No.0
いつからだったろうか・・・
こんなに日常がつまらなくなったのは。
人間というものはおかしなもので、幼少期には早く小学生に成りたいと思いながら生活をして、小学生になると今度は、中学生に憧れる。中学生になれば、男には性欲が芽生え始め「リア充」なるものが誕生し始め、それ以外の男は高校デビューを誓い高校生に憧れる。そして高校生になると今度は幼少期に憧れる。

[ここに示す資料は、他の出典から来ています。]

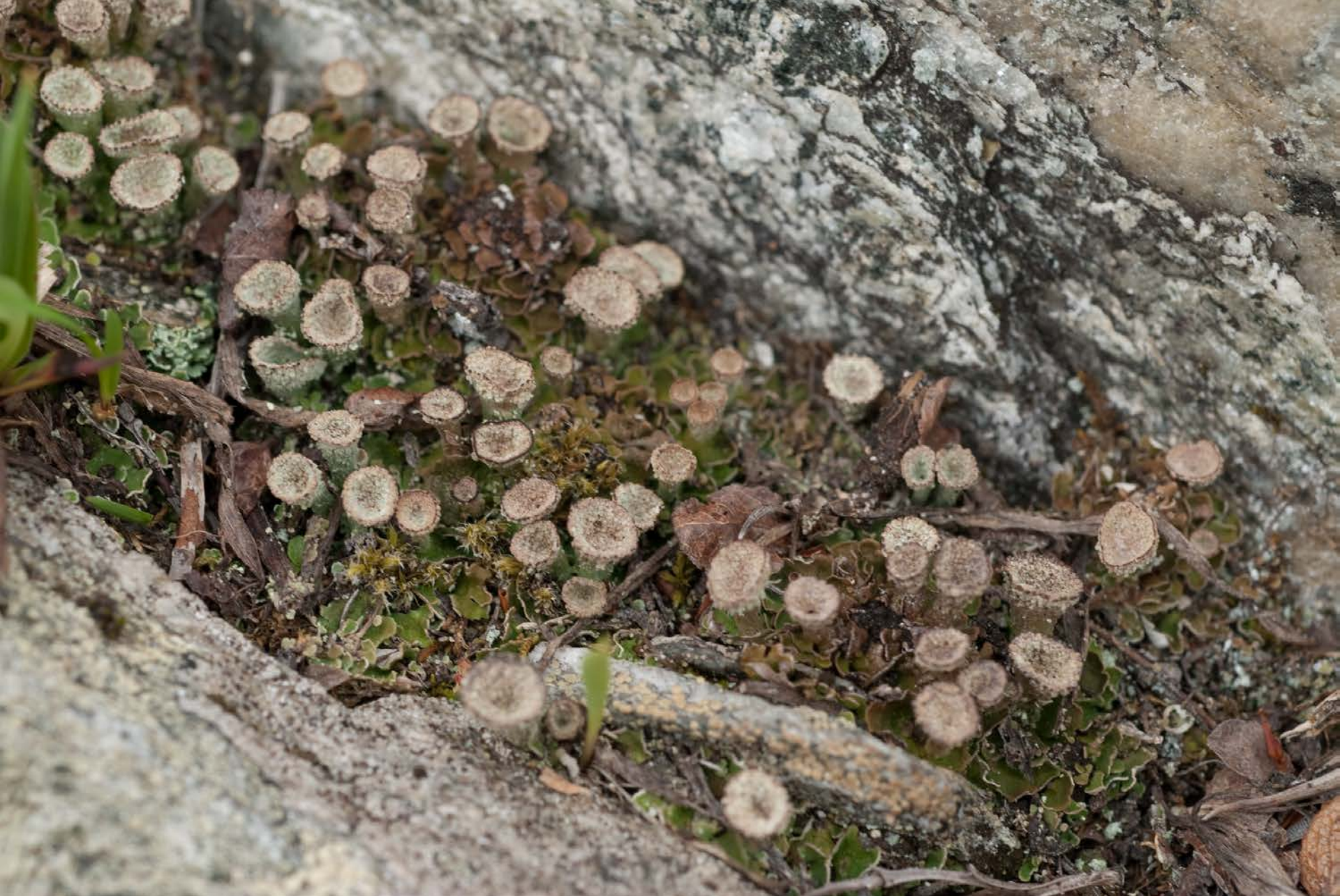
Lichene a squamule basali e podezi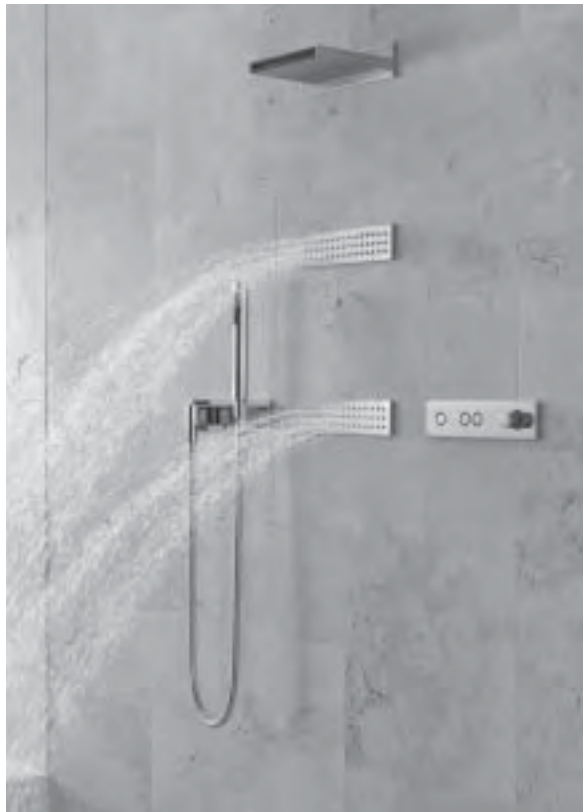
Slika 22. Elegancija i jednostavnost u kupaonici: sustav ATT; proizvođač Dorn Bracht

titi "individualno" u masovnoj serijskoj proizvodnji? Je li rješenje ipak u kompjutorskoj proizvodnji i savršeno izrađenim detaljima u ručnoj doradi?... Kolika je onda cijena takvog proizvoda? Za koji segment tržišta i ciljnu grupu treba proizvoditi? Uistinu, koliko su marketing, informacija, inovativnost i dizajn važni (strateški i filozofski) određenoj tvornici namještaja i njezinim rukovodnim kadrovima.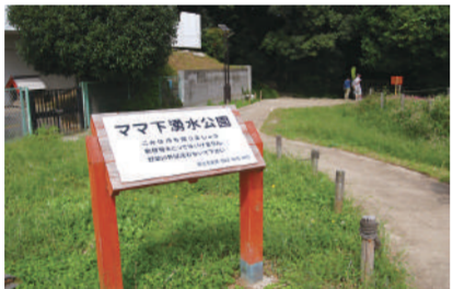
Mama 下涌水公园 国立市矢川 3-12 [B-4]

这是市内的艺术关联设施,包括可以容纳 336 人的大厅和可以容纳 70 人的工作室,此外还有音乐练习室、画廊等。它的隔壁是综合体育馆。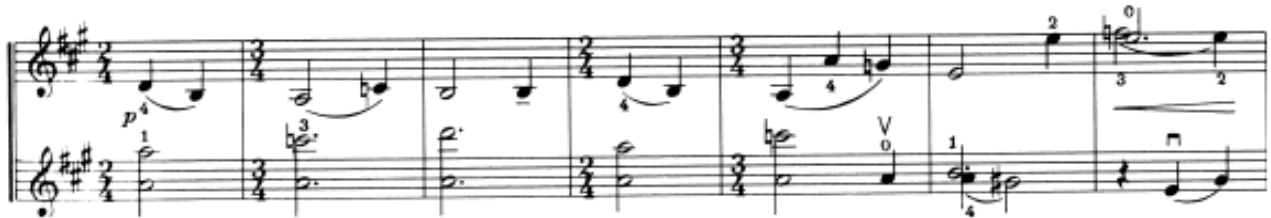
Nota 1. Prelüd, B Bölmesi, Ölçü: 13-19.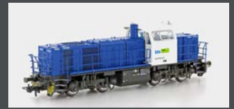
90256 DIESELLOK VOSSLÖH G1000 BLS, EP.VI DC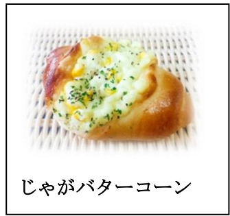
じゃがバターコーン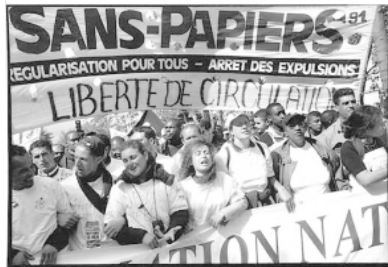
En Francia, marcha de inmigrantes sans papiers -sin papeles- exigiendo regularización para todos, basta de expulsiones y libertad de circulación.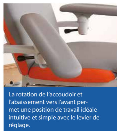
La rotation de l'accoudoir et l'abaissement vers l'avant permet une position de travail idéale intuitive et simple avec le levier de réglage.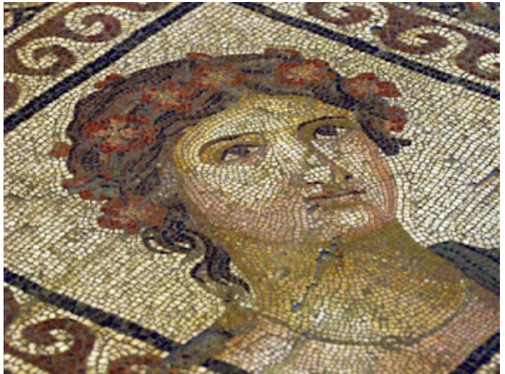
Resim 17 Amisos Akhilleus ve Thetis Mozaïği'ndeki ilkbahar figürü ( https://tarihvearkeoloji.blogspot.com ).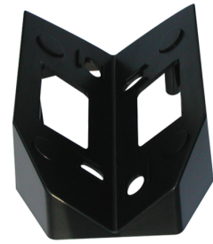
Ecksockel ALC-ES Art.No: 91325

Abmessungen: (Halterand Ø 82 mm) Ø 215 x 220 mm Gehäuse: Blasenglas - Kristall Farbe: transparent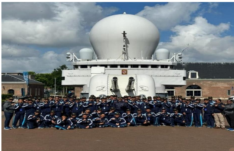
Gambar 7: Navy Museum di Inggris

少なくとも今の俺はそうだ。幼少期のあののんびりとしたお昼寝時間なんてものは、高校生になった時こそ必要な時間ではないかと思う。
昼休み、飯を食った後、日課のコーヒー牛乳を飲み、午後の授業はお昼寝時間にするべきなんだ!! こんな事を考えて俺の1日は終わるのである。
しかしある日を境にそのつまらない日常が大きく変わる。
10月のある朝。普段なら登校しなくてはならない時間、俺は布団の中にいた。
何でこんな朝早くから学校なんて行かなくてはならないのだろうか。ついに、俺は学校をサボる事を決意したのだ。家族が全員でかけたあと、俺は1人で町を散歩した。
かつて通っていた中学校と小学校の通りを抜けて、商店街を抜けた場所に高校がある。
普段は制服を着て校内に入っていくのだが、今は私服で学校を外から眺めている。外からは校内が実に平和そうに見える。そしてふと思った。どこか別の場所に行きたい。自分が生きるのに必死になれて、綺麗な景色が見れて、冒険できるような世界に行きたい。そんな世界に行けるのなら、職業は選ばない。中々に厨二チックな考えだが、妄想するのは自由だ。誰にも迷惑をかけないのだから・・・
家に帰りやることもなくその日の夜は寝た
No.1異世界にようこそ
「ご主人・・・起きてくださいご主人!」
「まだ眠い、寝させろ・・・というか誰だお前!?」
目を覚ますとそこにはうさ耳美幼女がいた。突然の事で頭は真っ白になり何がなんだかわからない。確か俺は昨日自分の部屋で寝たはずだ。なのに目が覚めたら見知らぬ部屋に、見知らぬベットに、見知らぬうさ耳美幼女何がなんだかわからない。そして俺は考えるのをやめた。きっと夢に違いない。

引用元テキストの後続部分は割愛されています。